**Aim of the exercise:** Retype the listing exactly, minus its pictures.

**Source data:**

+++++

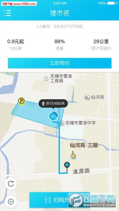 打开锂市民APP扫描车身二维码,即可查看车辆当前电量,预计可骑行里程等详情,点击解锁即可开始用车
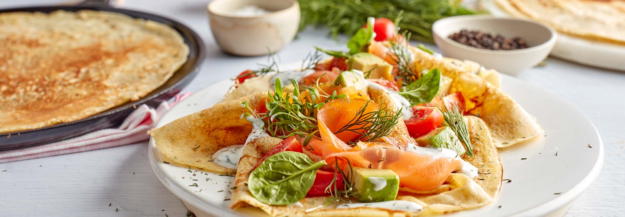 - Neem je Demeyere pannenkoekenpan en breng ze op temperatuur. Vet in met een beetje boter of bakmagarine en bak je pannenkoeken.
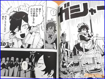 今回発売になった「DOG MATIC」1巻【AA】には、第1話から第7話と、キャラクターのデザイン案や4コマ漫画を収録し(もくじ)、裏表紙は『我儘×獰猛なバチカワ主人公!』、オビ謳い文句は『獣人世界の反逆ビーストファンタジー』だった。
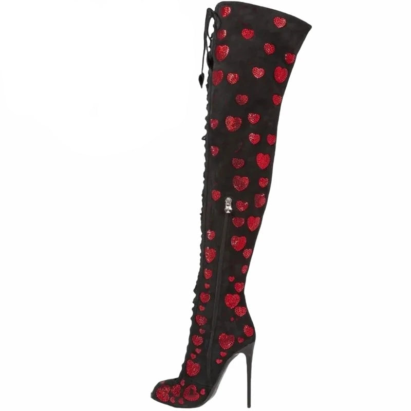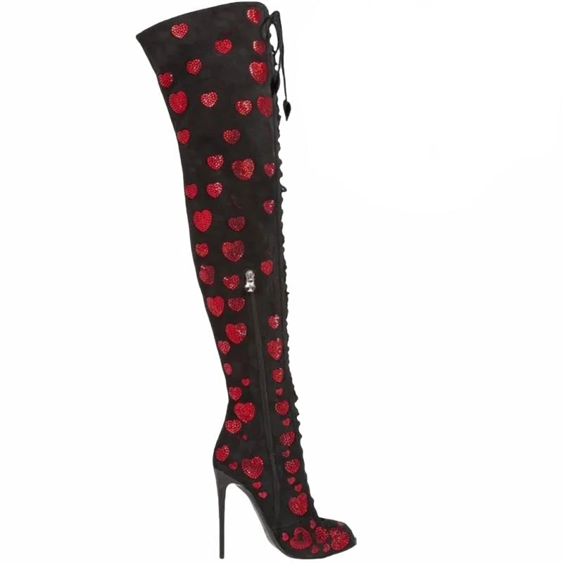 Women's Sexy Crystal Hearts Peep Toe Cross Lace Up Thigh High Boots

+++++

**The answer:**
 打开锂市民APP扫描车身二维码,即可查看车辆当前电量,预计可骑行里程等详情,点击解锁即可开始用车
 - Neem je Demeyere pannenkoekenpan en breng ze op temperatuur. Vet in met een beetje boter of bakmagarine en bak je pannenkoeken.
 今回発売になった「DOG MATIC」1巻【AA】には、第1話から第7話と、キャラクターのデザイン案や4コマ漫画を収録し(もくじ)、裏表紙は『我儘×獰猛なバチカワ主人公!』、オビ謳い文句は『獣人世界の反逆ビーストファンタジー』だった。
 Women's Sexy Crystal Hearts Peep Toe Cross Lace Up Thigh High Boots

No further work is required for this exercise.